_Your objective_
After finding the line containing "Introducing our exquisite" below, please output that line and each following one through the line containing "Discover Evolved by", exactly as written.

_Supplied material_
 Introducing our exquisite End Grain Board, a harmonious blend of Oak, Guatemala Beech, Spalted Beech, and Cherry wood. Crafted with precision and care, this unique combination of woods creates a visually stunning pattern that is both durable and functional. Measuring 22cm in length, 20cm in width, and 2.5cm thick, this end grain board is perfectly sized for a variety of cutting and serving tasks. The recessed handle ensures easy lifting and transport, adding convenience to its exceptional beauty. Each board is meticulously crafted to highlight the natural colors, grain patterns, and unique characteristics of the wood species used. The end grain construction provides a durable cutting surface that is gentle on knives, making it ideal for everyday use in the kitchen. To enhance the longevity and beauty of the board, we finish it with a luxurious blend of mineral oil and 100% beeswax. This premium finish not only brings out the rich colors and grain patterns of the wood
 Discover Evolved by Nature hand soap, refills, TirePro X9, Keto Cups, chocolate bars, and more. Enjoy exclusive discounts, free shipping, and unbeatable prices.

---

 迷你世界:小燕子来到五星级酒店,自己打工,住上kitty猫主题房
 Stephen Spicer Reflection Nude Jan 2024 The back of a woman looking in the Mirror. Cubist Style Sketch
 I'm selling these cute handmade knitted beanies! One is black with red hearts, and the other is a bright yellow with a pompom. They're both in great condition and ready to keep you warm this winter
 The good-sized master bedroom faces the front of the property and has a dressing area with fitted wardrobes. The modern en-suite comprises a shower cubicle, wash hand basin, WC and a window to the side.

_Exercise output_
 Introducing our exquisite End Grain Board, a harmonious blend of Oak, Guatemala Beech, Spalted Beech, and Cherry wood. Crafted with precision and care, this unique combination of woods creates a visually stunning pattern that is both durable and functional. Measuring 22cm in length, 20cm in width, and 2.5cm thick, this end grain board is perfectly sized for a variety of cutting and serving tasks. The recessed handle ensures easy lifting and transport, adding convenience to its exceptional beauty. Each board is meticulously crafted to highlight the natural colors, grain patterns, and unique characteristics of the wood species used. The end grain construction provides a durable cutting surface that is gentle on knives, making it ideal for everyday use in the kitchen. To enhance the longevity and beauty of the board, we finish it with a luxurious blend of mineral oil and 100% beeswax. This premium finish not only brings out the rich colors and grain patterns of the wood
 Discover Evolved by Nature hand soap, refills, TirePro X9, Keto Cups, chocolate bars, and more. Enjoy exclusive discounts, free shipping, and unbeatable prices.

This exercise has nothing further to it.